* THE RECORDS:
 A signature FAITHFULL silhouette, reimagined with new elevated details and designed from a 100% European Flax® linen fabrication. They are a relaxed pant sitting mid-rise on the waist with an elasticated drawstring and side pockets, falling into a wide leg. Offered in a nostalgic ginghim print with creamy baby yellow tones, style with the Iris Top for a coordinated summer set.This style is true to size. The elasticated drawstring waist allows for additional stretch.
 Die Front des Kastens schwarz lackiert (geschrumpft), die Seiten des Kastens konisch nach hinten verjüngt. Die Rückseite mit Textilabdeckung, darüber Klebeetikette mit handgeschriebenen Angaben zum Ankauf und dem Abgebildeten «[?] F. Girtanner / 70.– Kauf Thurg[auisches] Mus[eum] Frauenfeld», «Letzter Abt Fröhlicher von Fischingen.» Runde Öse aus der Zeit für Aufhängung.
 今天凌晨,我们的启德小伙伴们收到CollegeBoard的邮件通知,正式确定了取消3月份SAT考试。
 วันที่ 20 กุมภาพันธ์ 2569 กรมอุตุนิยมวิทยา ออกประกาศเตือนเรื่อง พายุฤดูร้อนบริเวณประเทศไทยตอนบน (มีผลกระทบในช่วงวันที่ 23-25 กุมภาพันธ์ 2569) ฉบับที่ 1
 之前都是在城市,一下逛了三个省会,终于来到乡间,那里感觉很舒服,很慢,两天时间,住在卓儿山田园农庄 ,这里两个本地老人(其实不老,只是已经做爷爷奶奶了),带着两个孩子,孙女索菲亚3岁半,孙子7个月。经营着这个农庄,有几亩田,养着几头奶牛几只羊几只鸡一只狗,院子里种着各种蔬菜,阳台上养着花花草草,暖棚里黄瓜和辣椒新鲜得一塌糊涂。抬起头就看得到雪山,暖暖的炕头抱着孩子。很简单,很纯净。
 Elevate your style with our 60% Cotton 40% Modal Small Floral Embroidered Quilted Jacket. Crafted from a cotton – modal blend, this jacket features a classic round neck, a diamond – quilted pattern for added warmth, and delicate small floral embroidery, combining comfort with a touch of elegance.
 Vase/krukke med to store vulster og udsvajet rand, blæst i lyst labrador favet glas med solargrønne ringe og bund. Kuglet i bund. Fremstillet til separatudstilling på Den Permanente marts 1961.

* AIM OF THE EXERCISE: The records are above. How many lines in them contain the word "style"? Give the number alone.

* ANSWER TO THIS EXERCISE: 2